Scientists have found that 73,000 years ago, a slope from the volcanic island Fogo in the Cape Verde islands off the coast of Africa fell into the ocean and caused a tsunami, the Washington Post reports.
"You're displacing a huge mass, which must generate movement of water," Ricardo Ramalho, the lead researcher behind the study, told The Washington Post.
"And in the case of volcanic flank collapses they can be very acute, because you have all this mass collapsing basically into the oceans."
Ramalho published the work along with a team of researchers from Columbia University as well as several universities in Portugal and Japan.
The study was published in the journal Science Advances.
Scientists say that the powerful tsunami wave must have surged over the top of a more than 600-foot high cliff, attaining water levels nearly 900 feet above sea level.
In 2007, Ramalho saw large boulders on top of the high plateau in Santiago that ended in a steep cliff face and was puzzled by their origin. Ramalho and his colleagues decided to take a closer look at the boulders and other associated geological evidence at much higher elevations. There was also strong evidence that Fogo had undergone a partial collapse, which the scientists connected with the occurrence of a megatsunmsami.

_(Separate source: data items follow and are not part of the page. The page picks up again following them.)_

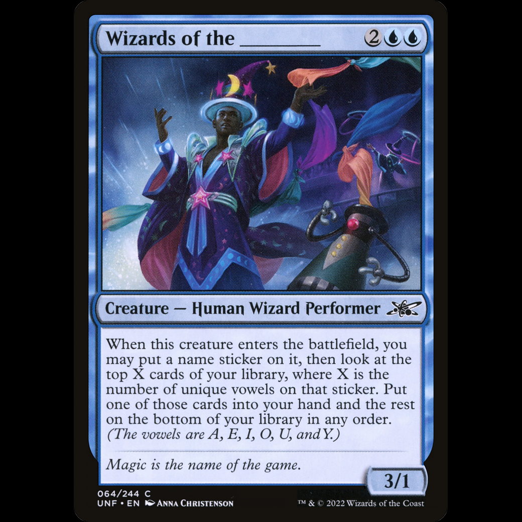 When this creature enters, you may put a name sticker on it, then look at the top X cards of your library, where X is the number of unique vowels on that sticker. Put one of those cards into your hand and the rest on the bottom of your library in any order. (The vowels are A, E, I, O, U, and Y.)
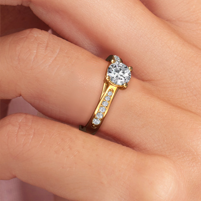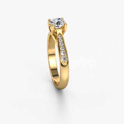 The ring shown above is called the Mia 2. We call this type of ring a pavé solitaire ring because it has one centre gemstone and a band that is also pave set with gemstones. This engagement ring is made in 14 Carat gold set with a 0.70 crt round diamond, and pave set lab-grown diamonds at the sides. Each piece of jewellery is made just for you, with attention to detail and design.This modern gold pavé solitaire engagement ring has an exquisite round diamond centre stone. To further accentuate the centre stone, the band is set full with more lab-grown diamonds. Its open prong setting allows light to strike the diamond from various angles and this adds sparkle to your diamond ring. The photo shown above depicts the goldsmith's carefully handcrafted details of the ring. The high positioning of the centre stone is truly eye-catching. The perfect engagement ring for the crown jewel of your life!By using our modern techniques, we can design and customize the finest quality jewels with the utmost care for you. Our engagement rings are always priced 30 percent lower than other jewellers. We make engagement rings to order so we don't have to maintain a large stock. If you have a certain budget, we are more than happy to advice you accordingly.Different styles of new rings are made daily by our team. Perhaps you have found a pavé solitaire engagement ring somewhere. One you would like to give to your loved one. Please feel free to share your thoughts and design with our jewel designers. We would love to turn your design into a modern engagement ring. You can follow the development of your ring design because we use very detailed 3D drawings. On top of that, you can order a dummy of the design. A dummy is a plastic ring, which can be shaped according your ring design. You can try it on and check if the engagement ring is up to standard. We will gladly send you a non-binding offer, based on a fair price/ quality ratio. The offer will baffle you, considering the quality of the ring and gemstones.To make it easier for you, we offer a 30 day return policy. Check our terms and conditions.
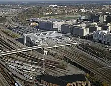 To the west of the Pasila railway station, lower than the platform area, at the current site of Keski-Pasila, was located the former cargo railway yard, officially named the Pasila lower yard.[14] It was located in a valley at whose site was originally located the lake Töölönjärvi, dried up in the 1870s.[15] This railway yard was used for sorting cargo traffic and as a hub point between the Helsinki harbour rail and the Sörnäinen harbour rail. The railway yard was connected to the Finnish Main Line, the Rantarata line and the Ilmala depot. The Sörnäinen harbour rail started directly to the east of the railway yard and a side rail branched off it towards the Pasila machinery yard.
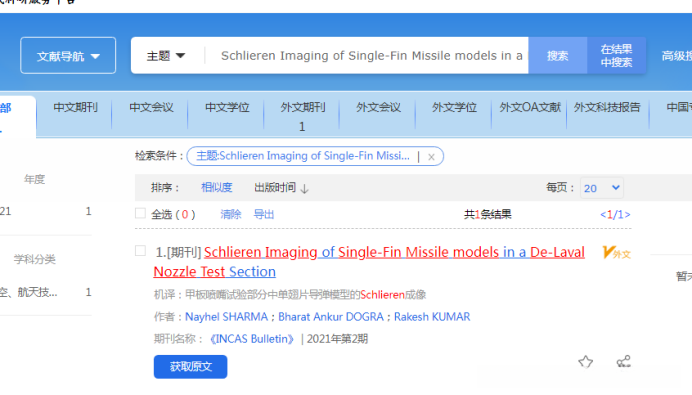 接着,在主页上执行查找操作时输入所需论文的关键信息(如主题词、文献标题或作者姓名),随后点击导航栏中的"外文期刊"选项,在其子菜单中选择目标资源;重复上述步骤依次选择"外文会议""外文学位""外文OA文献""外文科技报告"等项目后回车完成搜索
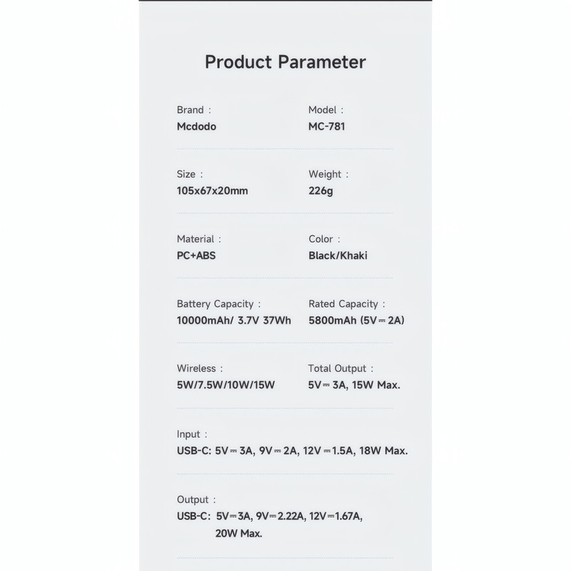 پاوربانک مک دود مدل MC-781 ظرفیت 10000 میلی آمپرساعت

Ramalho and his colleagues now assert that the boulders must have come from far below, up the side of a sheer vertical cliff, a feat that could only be achieved by a megatsunami.
The researchers conclude that tsunamis may occur on certain volcanic islands. They encouraged the study of volcanic islands so as to "realistically assess the full hazard potential of such low-probability but high-impact events."
"I'm not saying that this is going to happen on Fogo or elsewhere, tomorrow," says Ramalho. "I'm just saying, this happened in the past, so we need to be vigilant."